Though Graham held tight to that family, his empathy had a tendency to plunge him into a sensibility where Molly and Kevin (David Seaman) fell into the landscape of his consciousness, so driven that he would lose sight of what it would mean should he never return home.
The beauty of Greist’s performance, the glowing intensity of her quiet strength, was that she never passed on an opportunity to jolt Graham out of his dream-state and back to reality.
Though Graham flirtatiously joked that hotel rooms “elicit romance” and “we have to stop meeting like this,” in MANHUNTER such locations also dripped of symbolism. An unfamiliar place one inhabits for a short while, just as Will found himself entrenched in the world of Francis Dollaryde, and to an extent, Dr. Hannibal Lecktor (Brian Cox) throughout the bulk of the film.
The first time we see Graham in a temporary home, he’d grown weary of watching home videos of the families slaughtered by Dollarhyde and moved to the phone to make a late-night call to Molly. Despite the fact that his wife was groggy (for the record, no one plays half-awake like Greist) and doesn’t even engage in a real conversation with his partner, just hearing her voice, reacquainting himself with the warmth of his love as she dreamed was all it took for Graham to have an epiphany about what fueled Dollarhyde’s fantasies, foreshadowing to “smell yourself.”
“What are you dreaming?”
Later, this time Molly sharing a room with her husband, she stared into his eyes with an intimacy and understanding that only those who know someone completely are capable, and declared “Time is luck, Will.” Molly sensed that her partner was losing the battle with his imagination—the empathy of his dreamscape—and needed a reminder that risking his life to find one man would come at an expense that they couldn’t afford to pay. The ferocity of Will’s gaze communicated that the message had hit home. Graham was once again centered, if only momentarily. Molly was that magnet to Graham’s core which drew him out of depths from which he would otherwise be helplessly confined, without whom he would be doomed to nothing more than the task at hand.

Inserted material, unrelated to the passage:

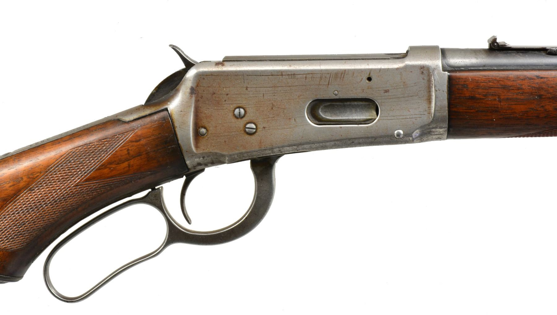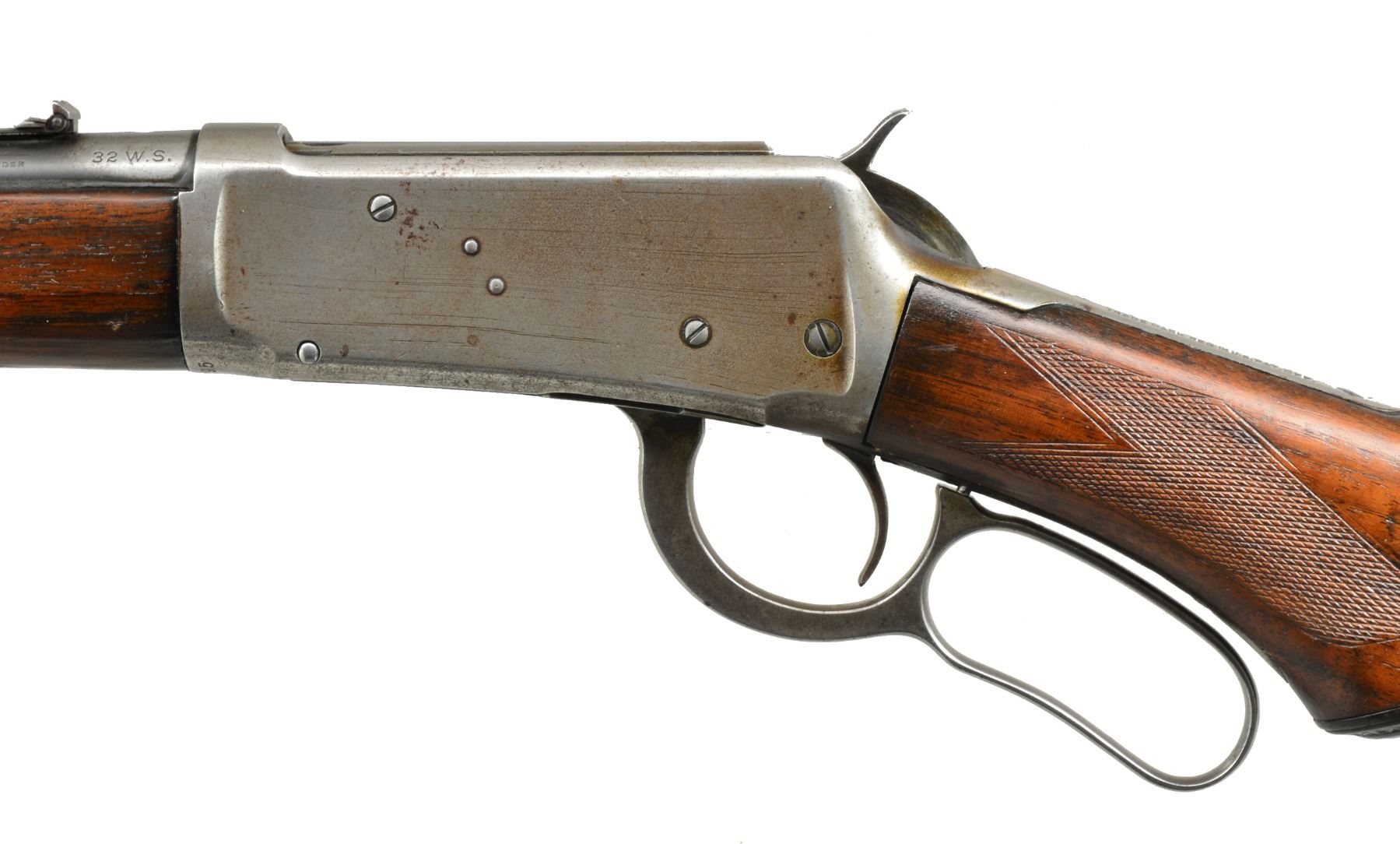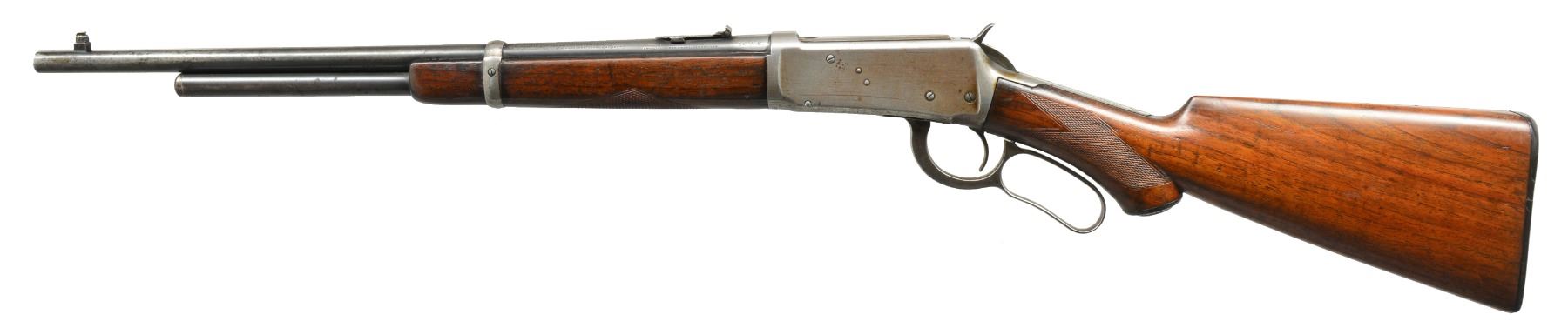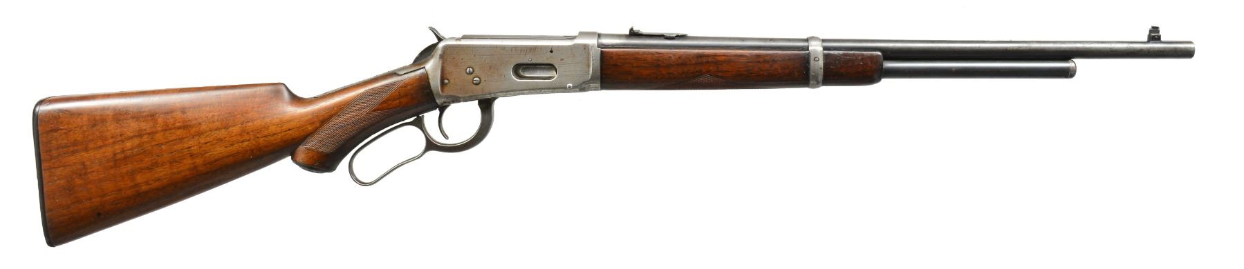 Cal. 32 WS. S# 475195. Bbl. 20" carbine style w/ replacement pinned blade front sight & 3 leaf express rear sight. 3/4 Length mag. Carbine forearm & hard rubber capped pistol grip stock w/ hard rubber shotgun buttplate having style I factory checkering. 1909 Mfg. CONDITION: bbl. & mag. tube retain 40% dull fading blue showing spots of corrosion. Top of bbl. has file marks between rear sight & proof mark. Action finish has faded to gray showing scratches & spots of pitting. Sanded & refinished wood show handling marks & freshened checkering. Dark worn bore shows scattered pitting. (20-647/DS). CURIO. $1,500-2,500.

Attributes that culminated in the couple sitting on a dock to discuss what came next, where Graham revealed that he would go to Atlanta, alone. Molly again called him out, this time for doing exactly what he said he wouldn’t. Though Graham was forceful in sharing that the killing had to stop, Molly didn’t storm off or become demonstrably upset because she knew that Will’s heart was in the right place, so she simply poised herself in thought, eyes searching for words that would resonate. Disbelief, disappointment, and fear radiated from Greist’s expression before she opened her mouth, but in the end, she countered with a jab which she knew would register, “William, you’re going to make yourself sick or get yourself killed.”
Molly had a foot in each plane—the dream world and physical—and it was Greist’s character who fueled all things Will Graham. She provided him with nourishment of the body and soul, but also incentive and inspiration, and the one thing which no one else was capable: telling Graham what he needed to hear and immediately putting whatever chaotic situation he found himself into real terms, a much-needed reminder that decisions and their subsequent actions had consequences.
Molly was the antidote to the “ugliest thoughts in the world,” and the reason Will returned home—not as a shell of himself—but the same man as the morning he departed.
Kim Greist’s abbreviated yet amazing performance as Molly Graham was a dream realized.